Monday, December 9, 2019

Riplinger's New Age Bible Versions


            Gail Riplinger’s book, New Age Bible Versions: An Exhaustive Documentation Exposing the Message, Men and Manuscripts Moving Mankind to the Antichrist’s One World Religion, covers a very wide variety of subjects which are important but tangential to textual criticism in its first four sections.  Finally at page 464, something like a sustained focus upon New Testament textual criticism begins to materialize.  I intend via this post to test the accuracy of this book’s contents beginning at that point; I have no intention of adding anything here to the author’s critiques of some modern versions, or her warnings against the heresies of Helena P. Blavatsky, the New Age Movement, etc., which can be found in the earlier segment of the book.

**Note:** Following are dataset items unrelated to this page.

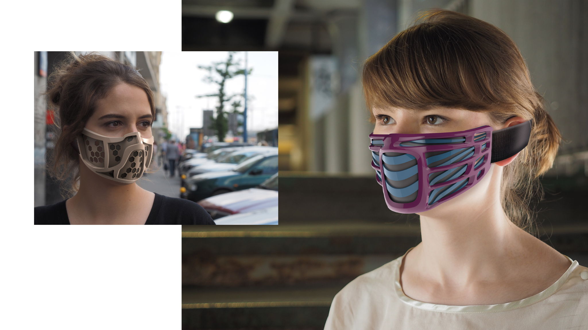 The masks are designed to become a new element of urban fashion. Users can choose from a variety of shapes and colors, and adjust it to their personal style.
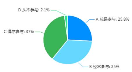 在线教学师生互动良好。关于互动频率,25.8%的学生表示“总是参与”,35%的学生“经常参与”,37%的学生“偶尔参与”,具体情况如图6所示。
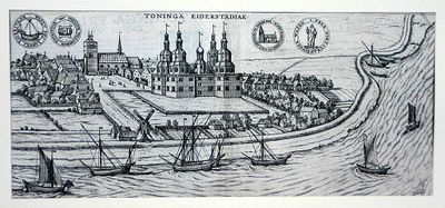 I resti del Castello di Tönning sorgono su un terreno elevato vicino al fiume Eider, con mura di terra che sostenevano strutture in legno.
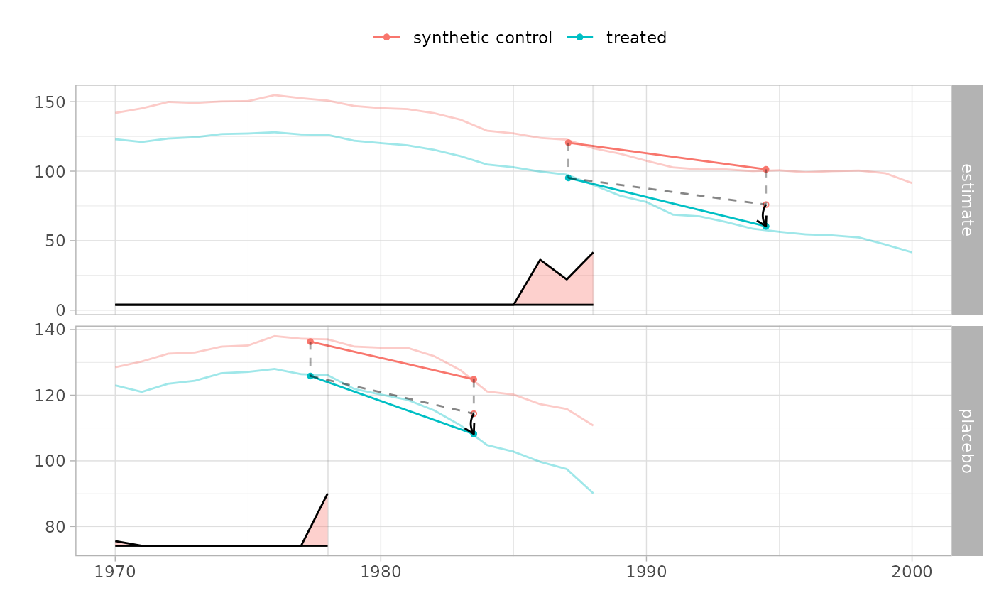For our estimator and a placebo, plots treated and synthetic control trajectories and overlays a 2x2 diff-in-diff diagram. Requires ggplot2

            In section 34, “The Majority Text,” the author used quotations from Wilbur Pickering and John Burgon (both of whom, while opposing the 1881 Westcott-Hort compilation, reject some readings in the Textus Receptus, the New Testament base-text of the KJV).  She seems to believe that the Majority Text and the Textus Receptus are the same thing, and readers might be forgiven for drawing such a conclusion in light of sentences such as the one found on page 471:  referring to the Byzantine Text, Riplinger states, “This text type is available today in English in the Authorized Version, or as it is called in the United States, the King James Version.”  That is not 100% true:  when the Byzantine Text (as printed in the Robinson-Pierpont Byzantine Textform 2005 ed.), representing the contents of most Greek manuscripts, is compared to the Textus Receptus, there are some translatable differences.  With apologies for veering away from my main subject, here are some examples:
            ● Matthew 8:15:  most manuscripts end the verse by stating that Peter’s mother-in-law served “Him” (αὐτω) rather than “them” (αὐτοις), the TR reading.

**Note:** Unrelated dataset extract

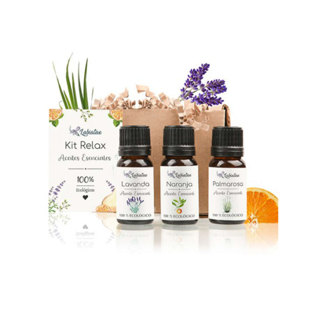 Este completo pack contiene 3 Aceites esenciales en formato de 5ml.: Lavanda, Naranja y Palmarosa.

            Matthew 18:19:  after πάλιν, most manuscripts have ἀμὴν, so as to read “Verily” or “Assuredly.”
            Mark 4:4:  most manuscripts do not have “of the air” (τοῦ οὐρανοῦ).

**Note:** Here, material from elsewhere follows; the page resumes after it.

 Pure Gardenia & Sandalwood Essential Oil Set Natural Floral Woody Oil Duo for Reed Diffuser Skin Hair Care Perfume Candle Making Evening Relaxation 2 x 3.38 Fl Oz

            Mark 4:9:  most manuscripts do not have “to them” (αὐτοῖς).
            Luke 6:10:  most manuscripts say αὐτῷ (“him”) rather than τῷ ἀνθρώπῷ (“the man”).
            Luke 7:31:  most manuscripts do not have the phrase “And the Lord said” (Ειπεν δε ὁ Κύριος) at the beginning of this verse.
            Luke 8:3:  most manuscripts say that the women ministered “to them” (αὐτοις) instead of “to Him” (αὐτω). 
            Luke 23:25:  most manuscripts do not say that Barabbas was released “to them” (αὐτοις).
            John 2:22:  most manuscripts do not say “to them” (αὐτοῖς).
            John 7:33:  most manuscripts do not say “to them” (αὐτοῖς).
            John 20:29:  most manuscripts do not have Thomas’ name (Θωμᾶ) in this verse.
            Acts 7:37:  most manuscripts do not have the words “him you shall hear” (αὐτοῦ ἀκούσεσθε).
            Acts 9:5-6:  in most manuscripts, there is no base-text for the words, “It is hard for thee to kick against the pricks.’   And he trembling and astonished said, ‘Lord, what wilt thou have me to do?’  And the Lord said unto him.”  (These words in the KJV appear to have been based on a harmonization to the similar passage in Acts 26:14-16.)
            Acts 10:6:  most manuscripts provide no base-text for the KJV’s phrase “He shall tell thee what thou oughtest to do.”
            Acts 15:11:  most manuscripts do not include the word Χριστου (“Christ”).
            Acts 15:34:  most manuscripts provide no base-text for this entire verse.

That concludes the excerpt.